Riya's words were softer, but no less piercing. "And your wife? Did she know the cost? Did she understand what you agreed to?"

Shastri's eyes glistened. "She knew. But she did not care. She only wanted Sanya back. And I… I wanted her to live again. To smile again. I thought if I gave her hope, even false hope, it would save her. But hope built on darkness is no salvation. It is a prison."

He hesitated, then added with a hollow laugh that carried no joy. "And in chasing that hope, we lost everything else. We poured our fortune into her treatments, into doctors who promised miracles. We were conned by charlatans, fake shamans who preyed on our desperation. One by one, our lodges across the country were sold off to pay for it all. This lodge… this is the only one left. It holds the last memory of Sanya, and so we clung to it, even as everything else slipped away."

The friends sat in silence, the weight of his confession pressing down on them.

Shastri's voice broke the silence once more, softer now, almost pleading. "You must understand. I did not set out to harm anyone. I only wanted my daughter back. I only wanted my wife to live. But the ritual… the ritual demanded more than I could give. And once you begin, there is no turning back."

The friends watched him, each carrying their own storm of disbelief, anger, and fear.
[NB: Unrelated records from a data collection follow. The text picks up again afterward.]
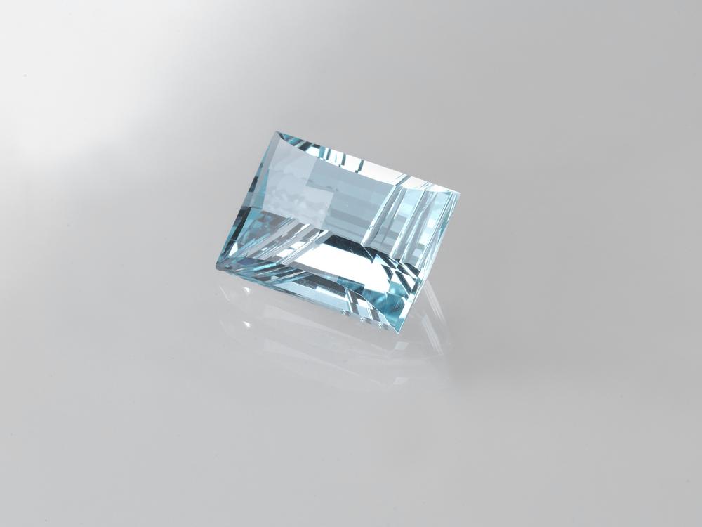 ACQUAMARINA CT 13.70 di forma rettangolare, taglio fantasia, mm 17,16x12,77x8,05 AQUAMARINE
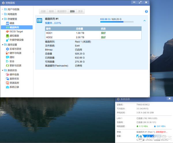 再说数据安全,有Raid1实时热备,一般来说不太会出现状况。一旦有检测到异常,实时的邮件提醒和蜂鸣声也能及时通知到。断电恢复通电自开机保证了更可靠的在线时间。
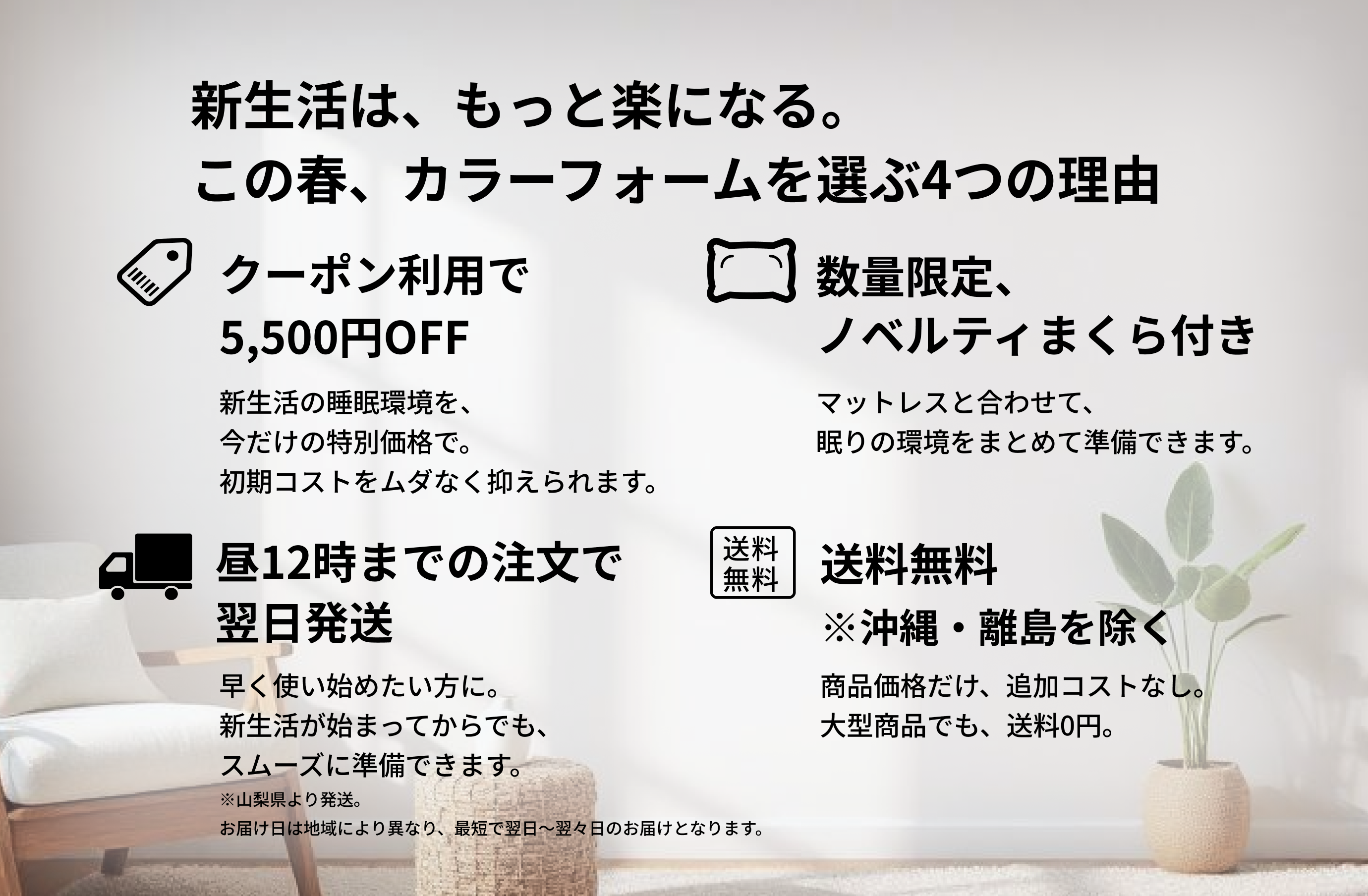 新生活の睡眠環境を、今だけの特別価格で。
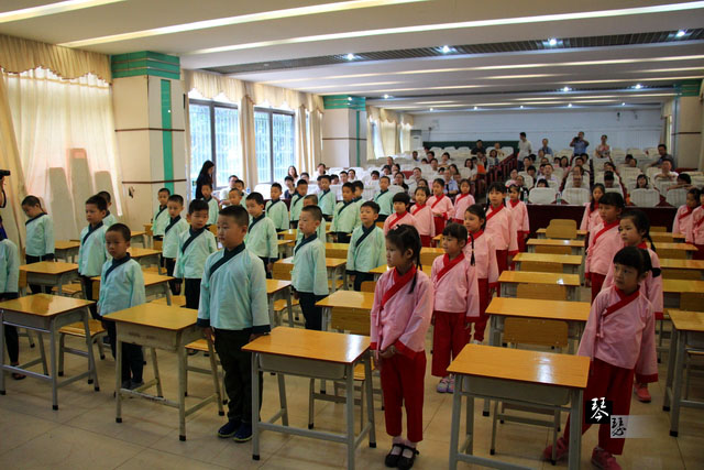 8:00,仪式正式开始,孩子们身穿汉服,在老师的带领下,开始了开笔礼的仪式。
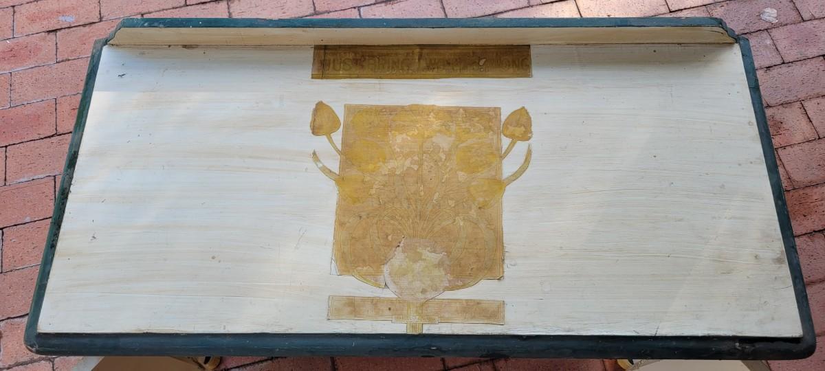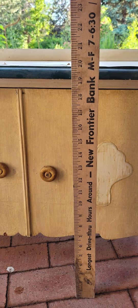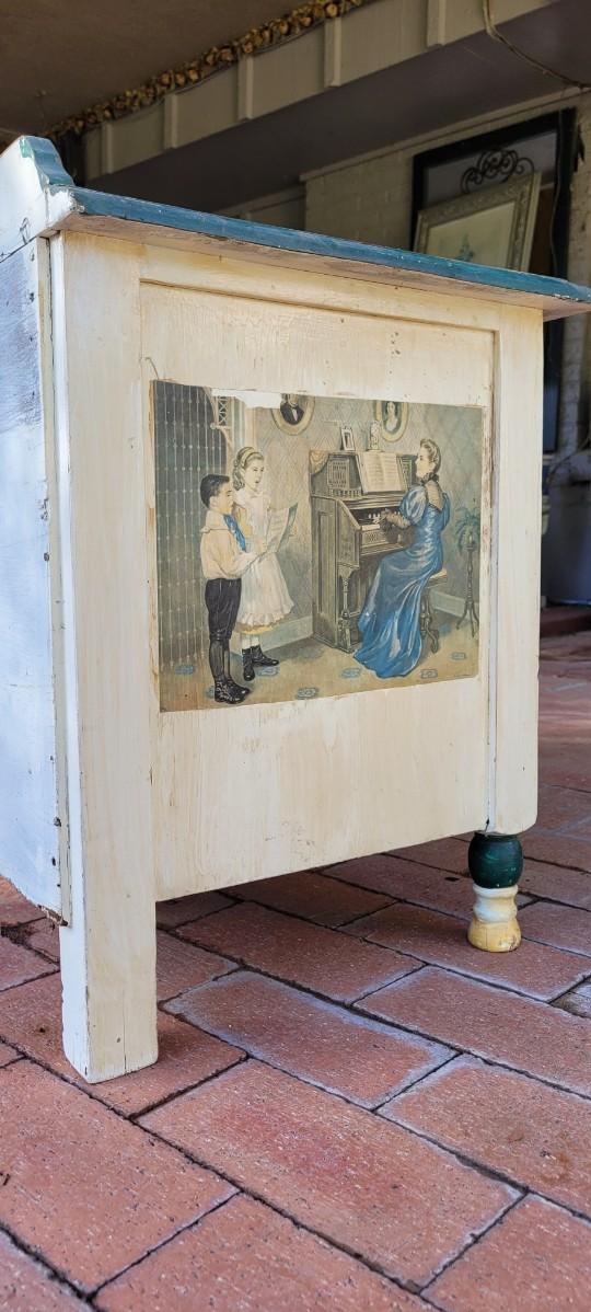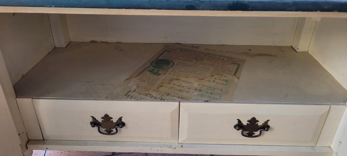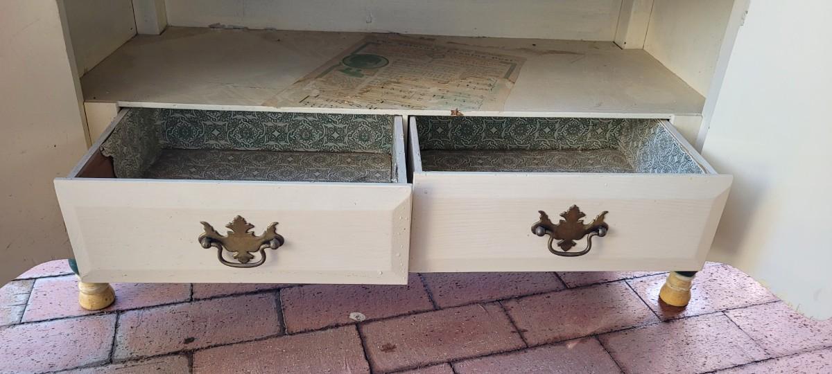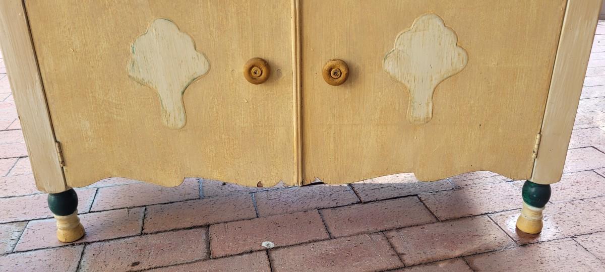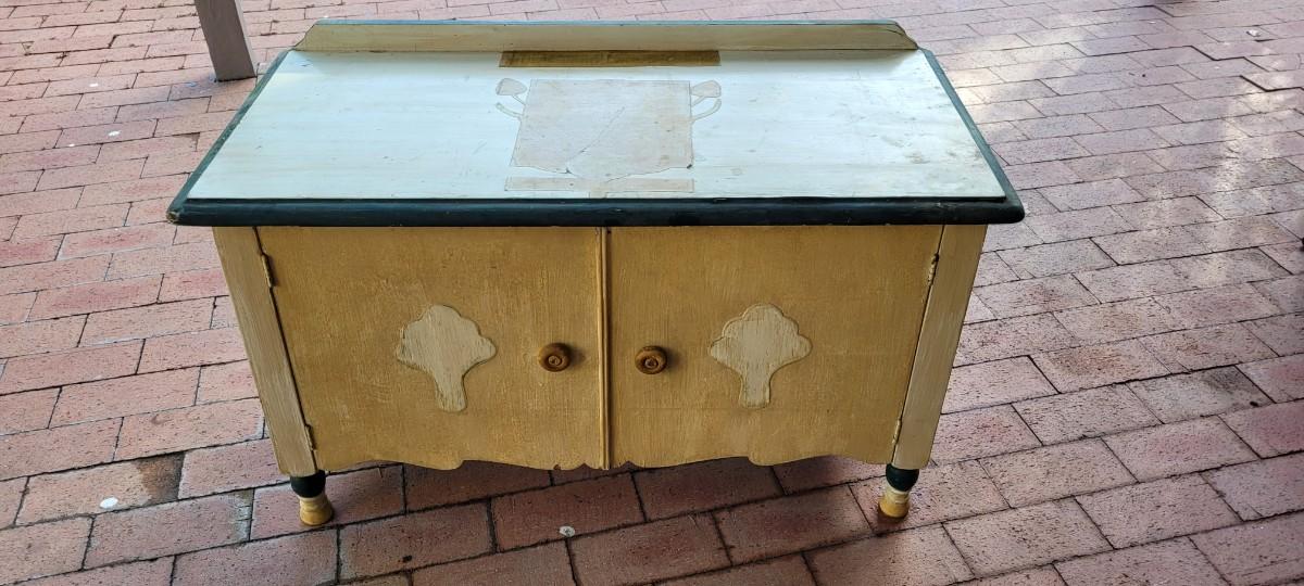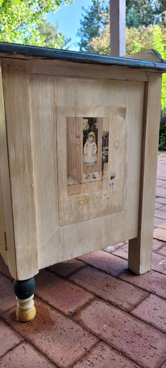 Fun Vintage Buffet Table with Storage features inside. Previous owner has decorated with paper Accents in areas on outer edges and topside.
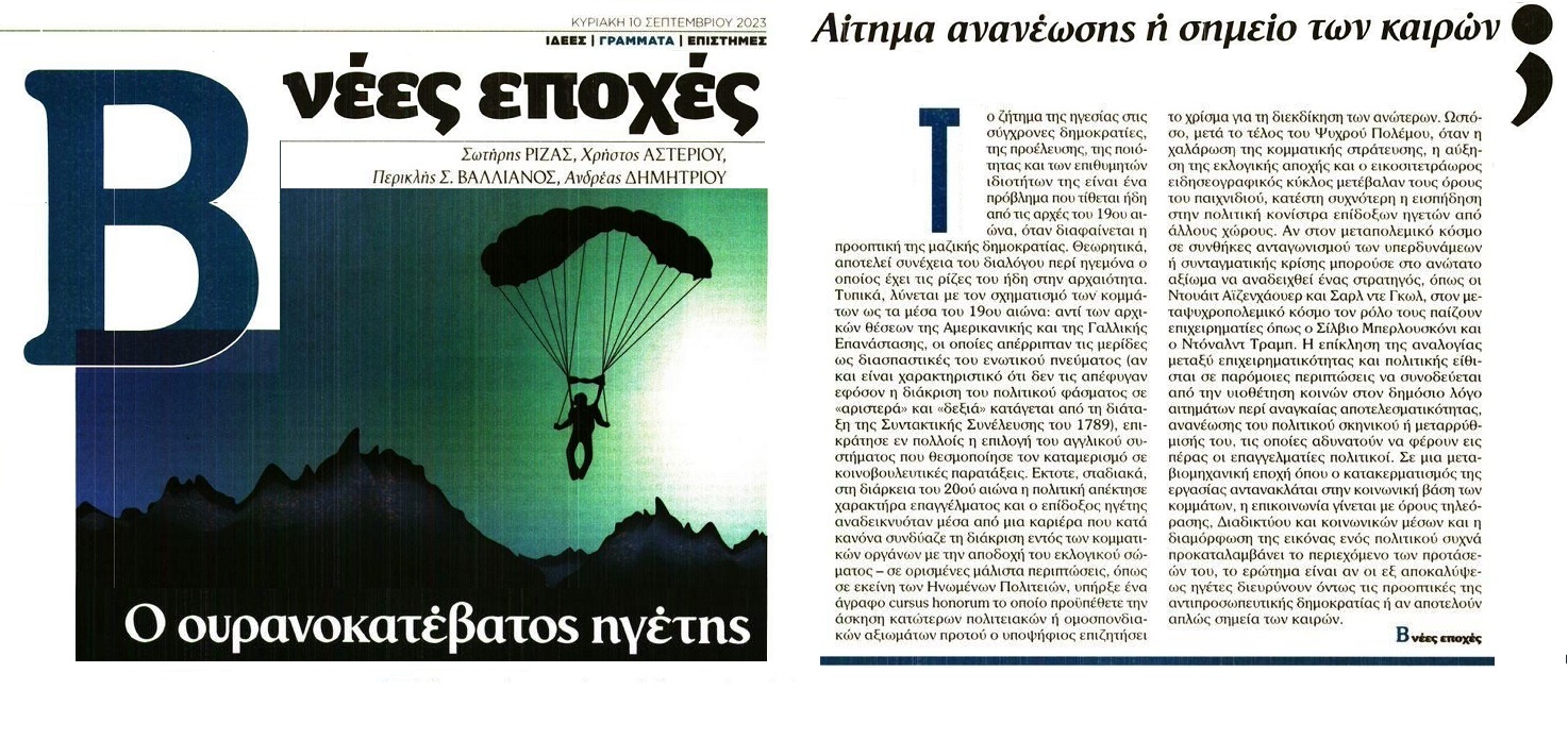Η επίκληση της αναλογίας μεταξύ επιχειρηματικότητας και πολιτικής είθισται σε παρόμοιες περιπτώσεις να συνοδεύεται από την υιοθέτηση κοινών στον δημόσιο λόγο αιτημάτων περί αναγκαίας αποτελεσματικότητας, ανανέωσης του πολιτικού σκηνικού ή μεταρρύθμισής του, τις οποίες αδυνατούν να φέρουν εις πέρας οι επαγγελματίες πολιτικοί. Σε μια μεταβιομηχανική εποχή όπου ο κατακερματισμός της εργασίας αντανακλάται στην κοινωνική βάση των κομμάτων, η επικοινωνία γίνεται με όρους τηλεόρασης, Διαδικτύου και κοινωνικών μέσων και η διαμόρφωση της εικόνας ενός πολιτικού συχνά προκαταλαμβάνει το περιεχόμενο των προτάσεών του, το ερώτημα είναι αν οι εξ αποκαλύψεως ηγέτες διευρύνουν όντως τις προοπτικές της αντιπροσωπευτικής δημοκρατίας ή αν αποτελούν απλώς σημεία των καιρών.
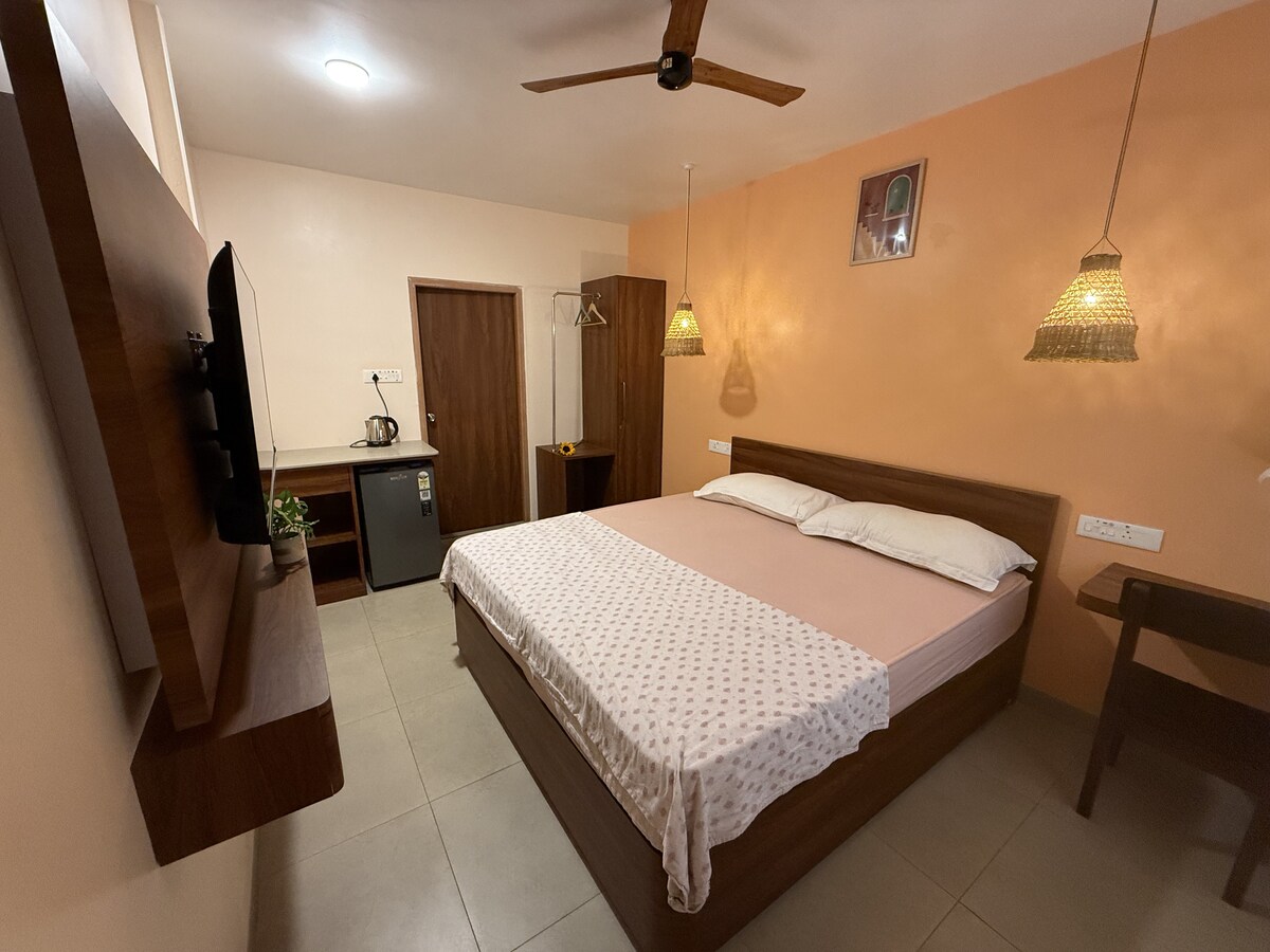 تقع غرفة الاستوديو هذه في شمال غوا. تحتوي الغرفة على سرير مريح بحجم كوين. لدينا حمام خاص نظيف مع مياه جارية ساخنة أو باردة. يوجد مطبخ مزود بأواني يمكنك استخدامها لطهي الوجبات. نحن نقدم خدمة الواي فاي المجانية لجميع ضيوفنا الذين يرغبون في العمل هنا أثناء العطلة. لدينا أيضًا تلفزيون ذكي للترفيه. يمكنك النقر على الاتصال بالمضيف لسؤالي عن أي شيء قبل الحجز.
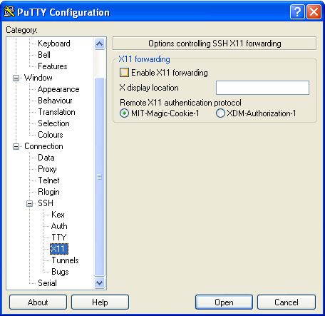 - Check/Select “X11 Forwarding” in Putty (see image below) by selecting check-box under “Category: Connection -> SSH -> X11” in the Left-hand panel and “SSH X11 forwarding” in the Right-Hand Panel
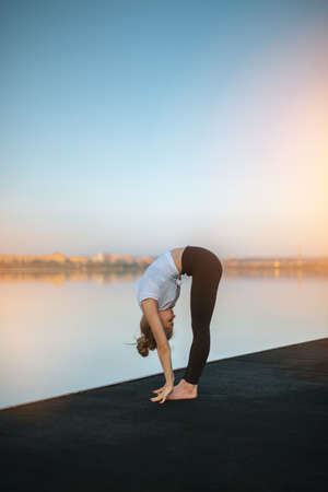 Fitness woman doing exercises of the lungs to train the leg muscles. The active woman stood up to the blue and bent her hands on the floor to loosen her muscles.
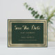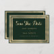 Geometric snyggt modern Forest grönt och guld elegant bröllop Spara datuminbjudan. Denna lyxenkla mörk grönt inbjudan och inbjudan till guld är perfekt för alla klasser och sofistikerade evenemang eller tillfälle. Den här krävande och bländande designen är perfekt för trendiget och snyggten eller paret. Anpassa den här designen med egen information om meddelande och personlig. Alla designer skrivs ut.
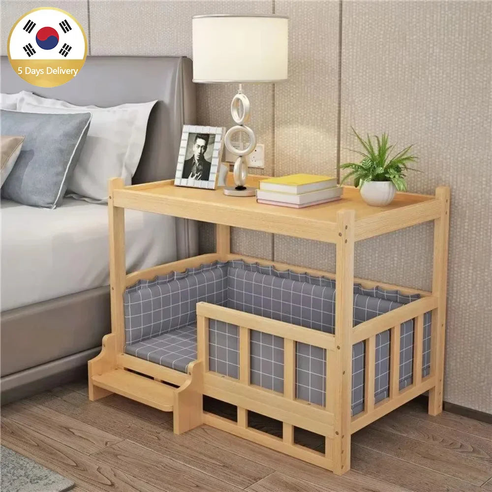 Solid Wood Pet Bed – Polished Kennel Nest for Dogs & Cats
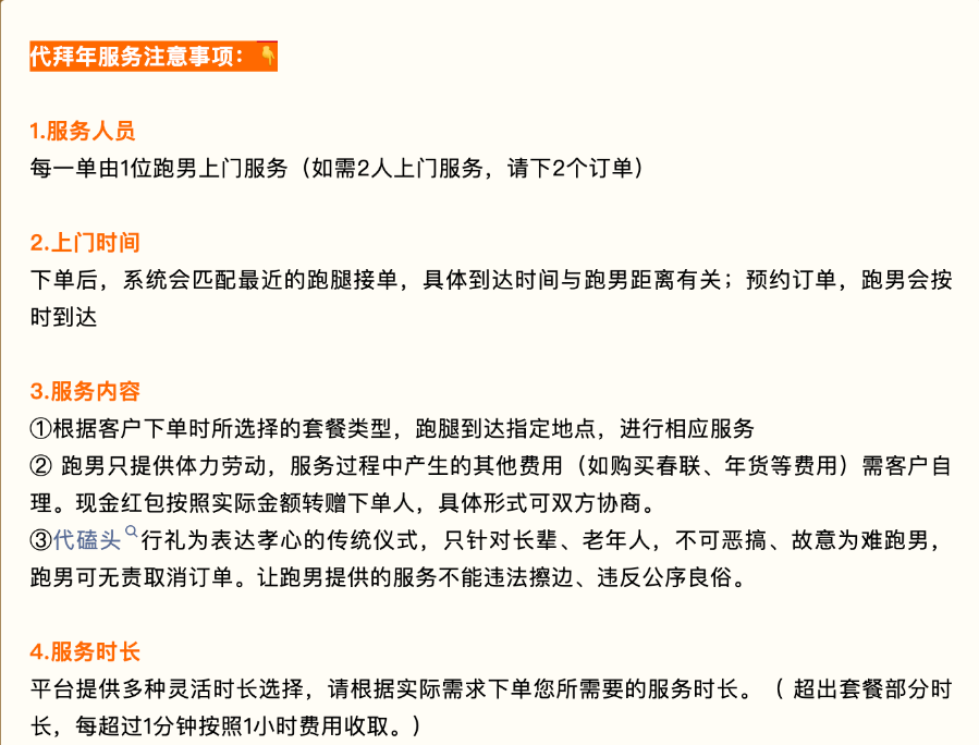 其中,代磕头行礼服务引发热议,随后,账号“无所不能的UU跑腿”在评论区回应:“代拜年磕头服务”旨在为那些因工作、出行等原因无法返乡过年,却仍想向家中长辈传递心意与祝福的人,提供一个暖心的情感联结方式。我们尤其关注空巢老人等需要陪伴的群体,希望借此服务,在节日里为他们送去一份真诚的问候与关怀。
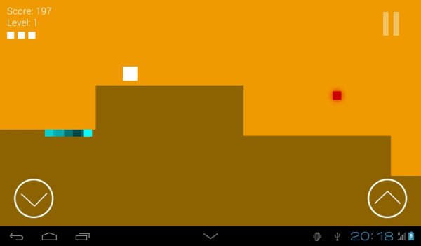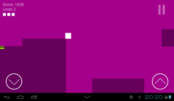 《跳躍的方塊 Jump Cube, Jump》是一款簡潔的橫版跑酷類小游戲。玩家需要控制一個小方塊,來穿越各種障礙以獲得更多的分?jǐn)?shù)。屏幕左邊的按鈕讓小方塊變得隱身,這樣即使穿墻而過也不會game over,但是不能同時收集硬幣和獎勵。右邊的按鈕可以用來跳躍。你還能吃到各種道具。比如黃色的可以加分,白色的可以增加生命,紅色可以讓速度變慢等等??靵碓囋嚢蓗

The truth was laid bare now, and it was darker than they had imagined. The steamhouse was not just a place of comfort—it was a prison of spirits, a trap woven from grief and desperation. And Mr. Shastri, once a man of wealth and power, was now its keeper.

The lantern flickered again, and the shadows seemed to lean closer. And then, from the quiet, Meera's voice rose—soft, innocent, yet chilling. "Do you remember, Papa? You used to tell me stories when we stayed the night here. I still love them."

The words froze him. His breath caught, his eyes widened. For a heartbeat, the present dissolved, and he was back in those summers—his daughter's laughter echoing through the lodge, her small hands tugging at his sleeve, begging for one more story before sleep.

The confession was complete, but the nightmare was only beginning.